WHAT IS NEEDED
Below is a listing to copy exactly; no image goes into the copy.

DATA FOR THIS EXERCISE
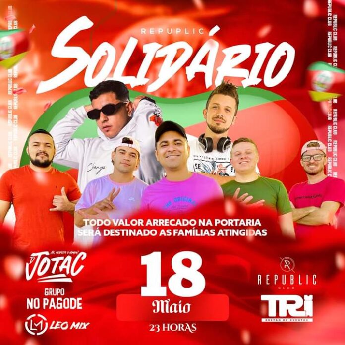 O Republic Club anuncia o REPUBLIC CLUB SOLIDÁRIO, em apoio às famílias afetadas pelas cheias em Jaguari. No sábado, dia 18 de maio, uma noite especial e de solidariedade está sendo preparada, com a alegria e diversão habitual de uma das casas de eventos mais requisitadas da região.
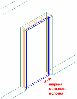 Толщина полотна Только для типов "Двупольная с полотнами разной ширины","Двупольная с качающимися полотнами разной ширины" и "Двупольная на два выхода с полотнами разной ширины" Определяет толщину дверной панели для двери типа "Двупольная с полотнами разной ширины"
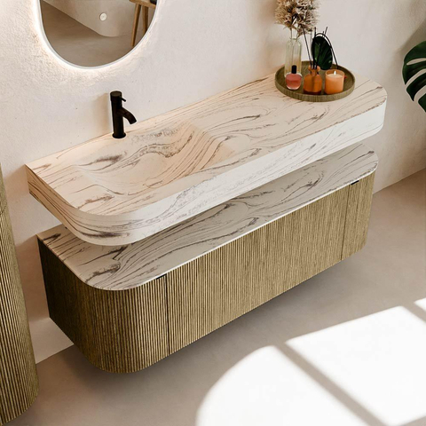 Matériaux naturels dans des tons chauds. Les nervures verticales apportent rythme et texture au design, tandis que le chêne confère une apparence chaleureuse et artisanale. Choisissez parmi 5 teintes de bois OAK, WALNUT, DUSK, SHADOW et RUBY, des couleurs de bois soigneusement sélectionnées pour enrichir les salles de bains modernes et classiques.
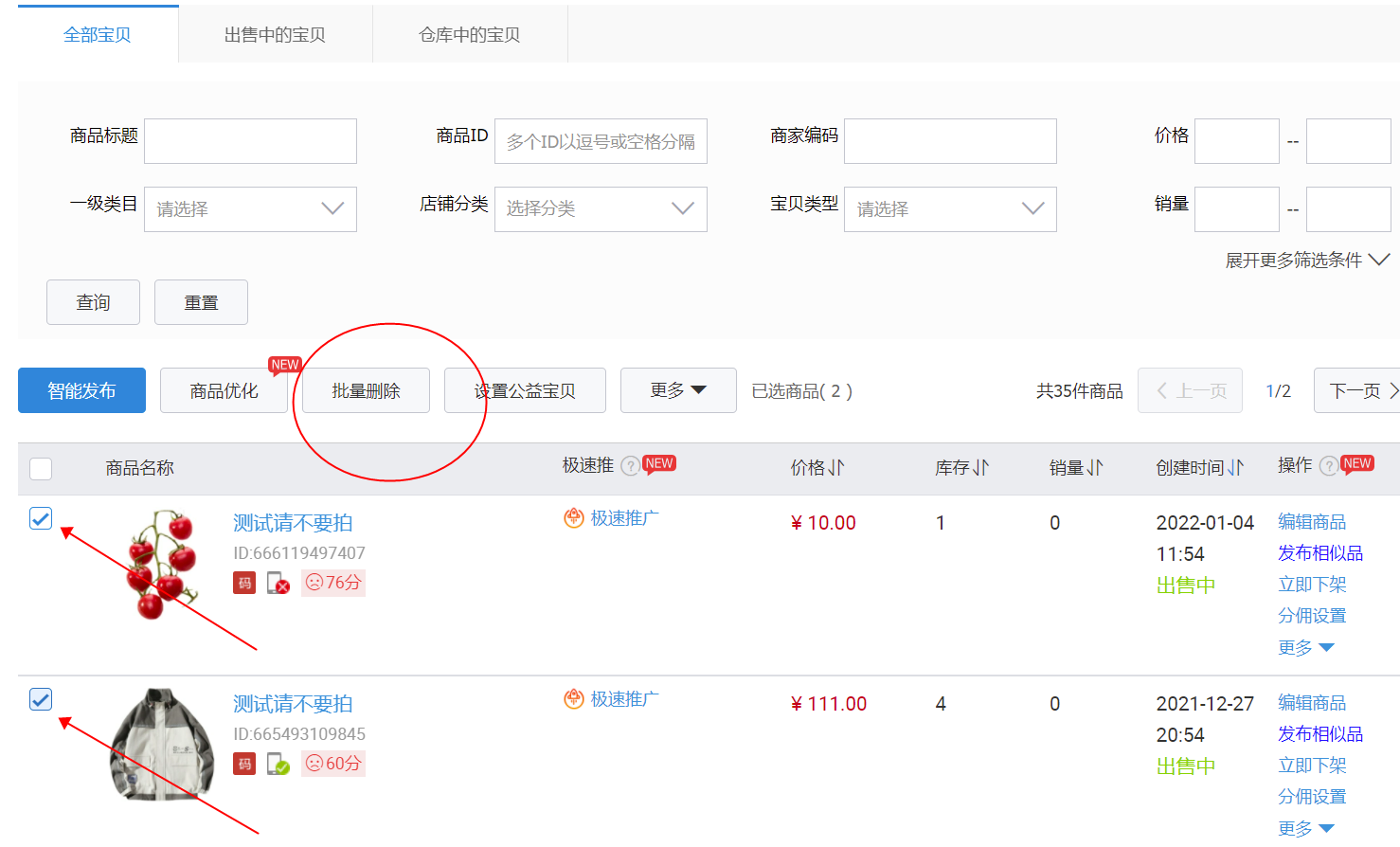 【出售中的宝贝】和【仓库中的宝贝】页面的商品都可以删除,您勾选需要删除的商品,点击“删除”即可。
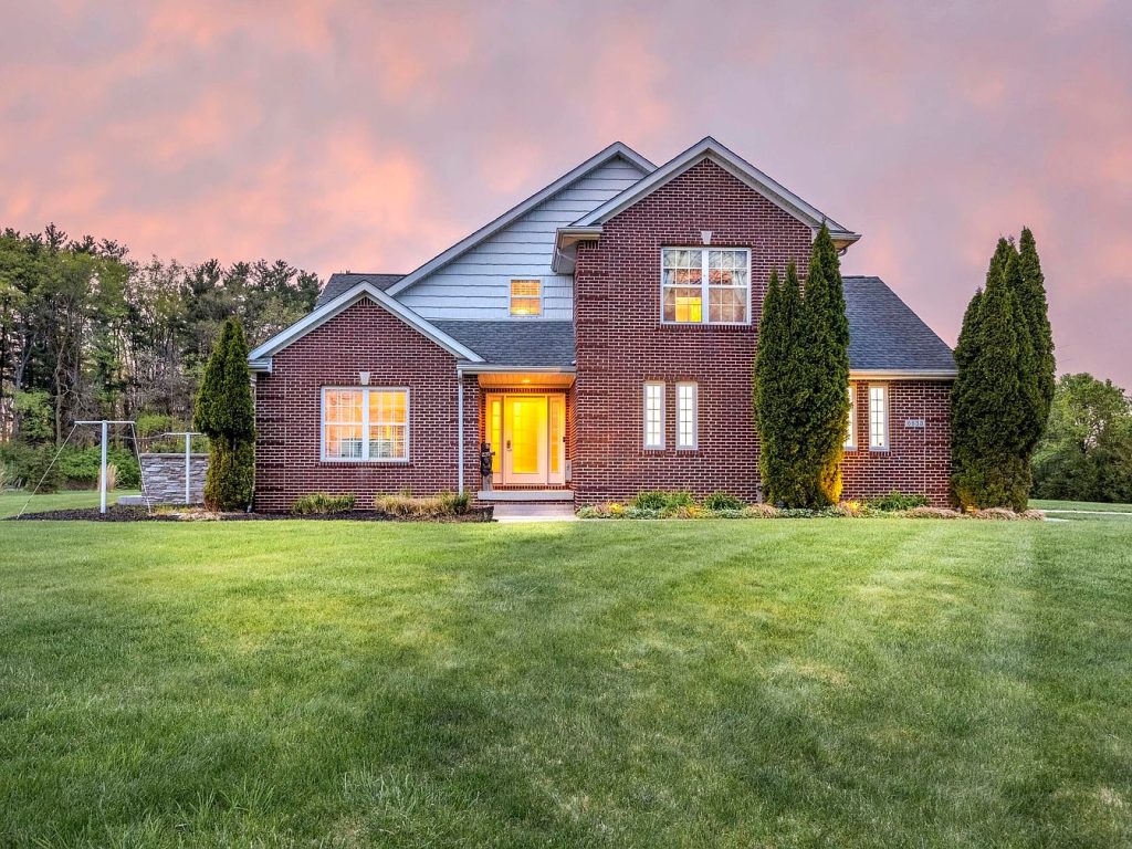 This stunning home features a blend of traditional brick and vinyl architectural styles, creating a timeless and elegant exterior look that complements its natural surroundings. Located in Whitmore Lake, Michigan, this residence was built in 2002 and boasts 1,898 square feet of well-designed living space above grade. Situated on 2.1 rolling acres, the property offers panoramic views in every direction, enhancing the sense of privacy and tranquility. Recent renovations include brand-new carpeting upstairs, adding warmth and comfort to the living areas. The home is a smart home with advanced technology such as Alexa-controlled lighting and Brilliant smart controls in the bedrooms, providing modern convenience and energy efficiency. The interior features gleaming hardwood floors and a dramatic living room with soaring ceilings and a striking stone-accented gas fireplace, creating a welcoming and cozy atmosphere. The chef’s kitchen is a highlight, equipped with high-end stainless steel appliances including a double oven, ample cabinet space, a ceramic tile backsplash, solid surface countertops, and elegant custom built-ins. The spacious primary suite includes a walk-in closet and a luxurious bathroom with a jetted tub and a separate stand-alone shower. Additional amenities on the main floor include a laundry room with a sink and built-in storage for added convenience. The outdoor entertaining space is remarkable with stamped concrete flooring, an outdoor fireplace, a custom-built barbecue with a natural gas hookup, two refrigerators, and sleek concrete countertops, making it perfect for hosting gatherings.

RESULT OF THE EXERCISE
 O Republic Club anuncia o REPUBLIC CLUB SOLIDÁRIO, em apoio às famílias afetadas pelas cheias em Jaguari. No sábado, dia 18 de maio, uma noite especial e de solidariedade está sendo preparada, com a alegria e diversão habitual de uma das casas de eventos mais requisitadas da região.
 Толщина полотна Только для типов "Двупольная с полотнами разной ширины","Двупольная с качающимися полотнами разной ширины" и "Двупольная на два выхода с полотнами разной ширины" Определяет толщину дверной панели для двери типа "Двупольная с полотнами разной ширины"
 Matériaux naturels dans des tons chauds. Les nervures verticales apportent rythme et texture au design, tandis que le chêne confère une apparence chaleureuse et artisanale. Choisissez parmi 5 teintes de bois OAK, WALNUT, DUSK, SHADOW et RUBY, des couleurs de bois soigneusement sélectionnées pour enrichir les salles de bains modernes et classiques.
 【出售中的宝贝】和【仓库中的宝贝】页面的商品都可以删除,您勾选需要删除的商品,点击“删除”即可。
 This stunning home features a blend of traditional brick and vinyl architectural styles, creating a timeless and elegant exterior look that complements its natural surroundings. Located in Whitmore Lake, Michigan, this residence was built in 2002 and boasts 1,898 square feet of well-designed living space above grade. Situated on 2.1 rolling acres, the property offers panoramic views in every direction, enhancing the sense of privacy and tranquility. Recent renovations include brand-new carpeting upstairs, adding warmth and comfort to the living areas. The home is a smart home with advanced technology such as Alexa-controlled lighting and Brilliant smart controls in the bedrooms, providing modern convenience and energy efficiency. The interior features gleaming hardwood floors and a dramatic living room with soaring ceilings and a striking stone-accented gas fireplace, creating a welcoming and cozy atmosphere. The chef’s kitchen is a highlight, equipped with high-end stainless steel appliances including a double oven, ample cabinet space, a ceramic tile backsplash, solid surface countertops, and elegant custom built-ins. The spacious primary suite includes a walk-in closet and a luxurious bathroom with a jetted tub and a separate stand-alone shower. Additional amenities on the main floor include a laundry room with a sink and built-in storage for added convenience. The outdoor entertaining space is remarkable with stamped concrete flooring, an outdoor fireplace, a custom-built barbecue with a natural gas hookup, two refrigerators, and sleek concrete countertops, making it perfect for hosting gatherings.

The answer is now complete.